Task objective ▸
The copy you print must match the listing exactly, with its pictures removed.

*** Opening Data section ***

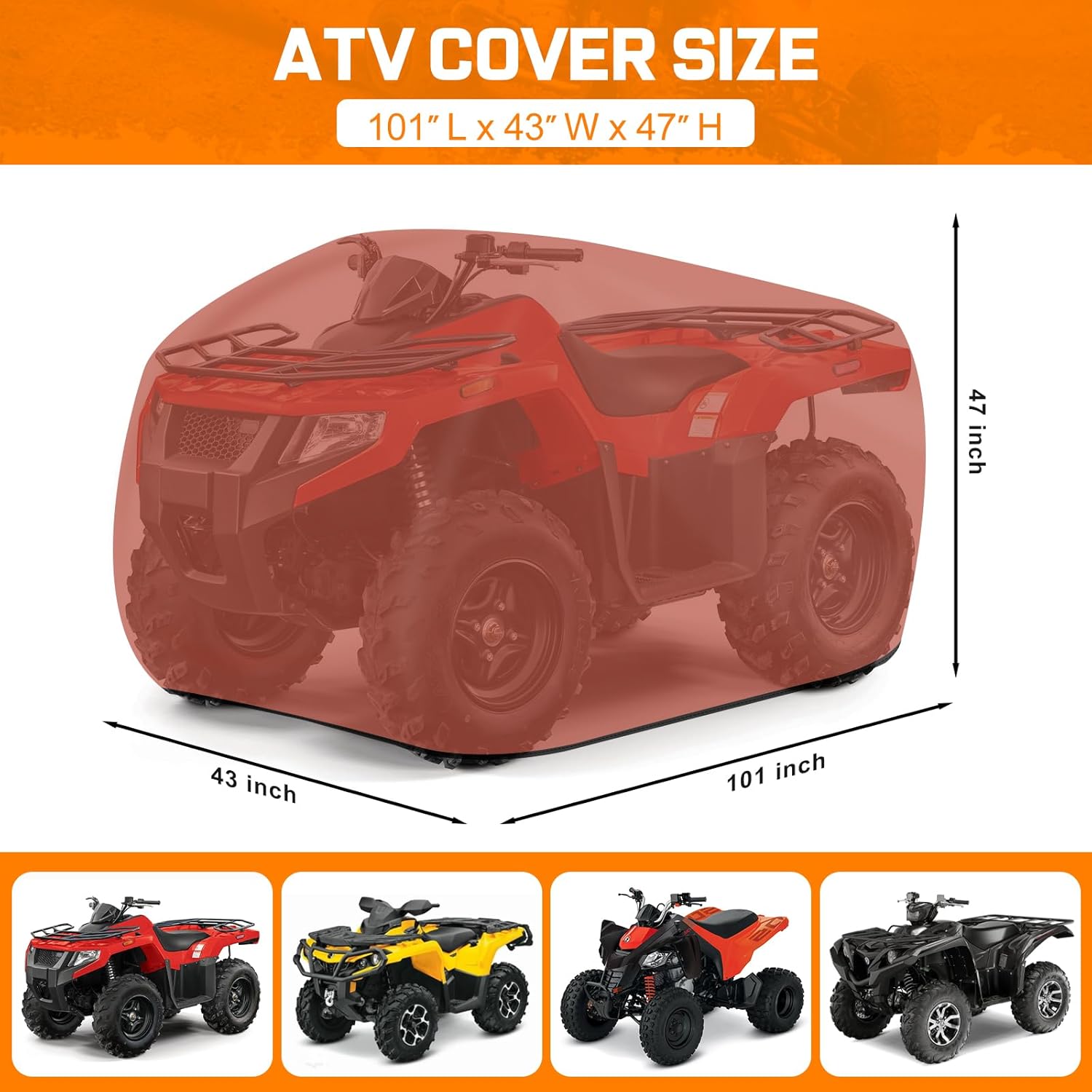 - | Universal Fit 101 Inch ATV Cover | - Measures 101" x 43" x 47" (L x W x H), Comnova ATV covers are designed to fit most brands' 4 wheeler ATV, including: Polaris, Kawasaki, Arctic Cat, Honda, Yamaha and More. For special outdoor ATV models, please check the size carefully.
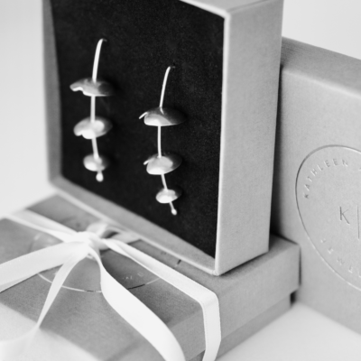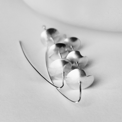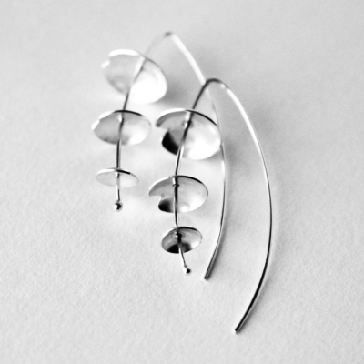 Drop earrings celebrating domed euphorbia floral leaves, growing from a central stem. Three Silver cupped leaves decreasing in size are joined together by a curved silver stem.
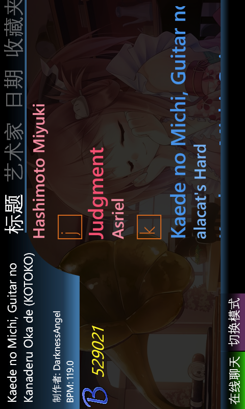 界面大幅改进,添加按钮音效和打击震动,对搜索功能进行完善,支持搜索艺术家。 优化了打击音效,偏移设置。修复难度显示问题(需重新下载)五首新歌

*** Closing Data section ***

Task output ▸
 - | Universal Fit 101 Inch ATV Cover | - Measures 101" x 43" x 47" (L x W x H), Comnova ATV covers are designed to fit most brands' 4 wheeler ATV, including: Polaris, Kawasaki, Arctic Cat, Honda, Yamaha and More. For special outdoor ATV models, please check the size carefully.
 Drop earrings celebrating domed euphorbia floral leaves, growing from a central stem. Three Silver cupped leaves decreasing in size are joined together by a curved silver stem.
 界面大幅改进,添加按钮音效和打击震动,对搜索功能进行完善,支持搜索艺术家。 优化了打击音效,偏移设置。修复难度显示问题(需重新下载)五首新歌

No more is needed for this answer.